In-111-Octreotide infusion, via intrahepatic catheterization is well established technique in our
Institution in hepatocellular carcinoma and neuroendocrine tumors treatment. In order to facilitate
repetitive infusions of our patients, a method of implanted ports use, gave a simpler therapeutic way
but also improved therapy results. Our aim is to show that radiopharmaceutical fluid flow through
implanted port is rich; the absorbed dose in the tumor increased for best therapy results.
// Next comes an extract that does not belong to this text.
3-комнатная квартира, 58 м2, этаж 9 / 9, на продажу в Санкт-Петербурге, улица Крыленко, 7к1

Surgically implanted ports have been used in repetitive intra-arterial In-111 radiolabeled Octreotide
infusions for 22 patients with hepatocellular carcinoma and similarly 18 patients with neuroendocrine
tumors in a continuous base. A percutaneous implantation procedure facilitates safe and less invasive
radiopharmaceutical infusions for the treatment. We have focused on the interventional techniques for
percutaneous implantation of a vascular access device, consisting of an implantable port, to perform
In-111 Octreotide infusions. Hepatic arterial infusion radiotherapy employs a hepatic artery catheter
as a conduit to achieve a high concentration of radiolabeled agent to liver tumors. It is performed
using less-invasive percutaneous image guided procedures. Various techniques were used to ensure
high concentration of radiopharmaceutical in liver tumors, as there are many anatomical hepatic
arterial variations and complicated blood flow patterns. These techniques are composed of arterial
redistribution by embolization, percutaneous catheter placement, evaluation and management of flow
patterns that reflect In-111 Octreotide distribution.
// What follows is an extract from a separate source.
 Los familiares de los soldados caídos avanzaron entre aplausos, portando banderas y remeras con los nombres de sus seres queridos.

Using fluid flow theory, we describe blood flow alterations that could be performed to obtain selective
radiopharmaceutical distribution to the target area and avoid side effects caused by the accumulation
of the radiolabeled agent into non tumor areas. By steady, laminar and disturbed flow equations, the
rich distribution of our agent in the scintigraphy imaging of the tumor, by the implanted ports
technique, can be explained.
The factors affecting hepatic arterial flow in tumor feeding artery were analyzed. The patency rate of
the hepatic artery was significantly higher in patients with catheter placement using fixed port method
than those undergo fully interventional catheterization. A ratio of 5: 1 to 3: 1 flow increase was
calculated through poiseuille flow and Reynolds number for circular pipe.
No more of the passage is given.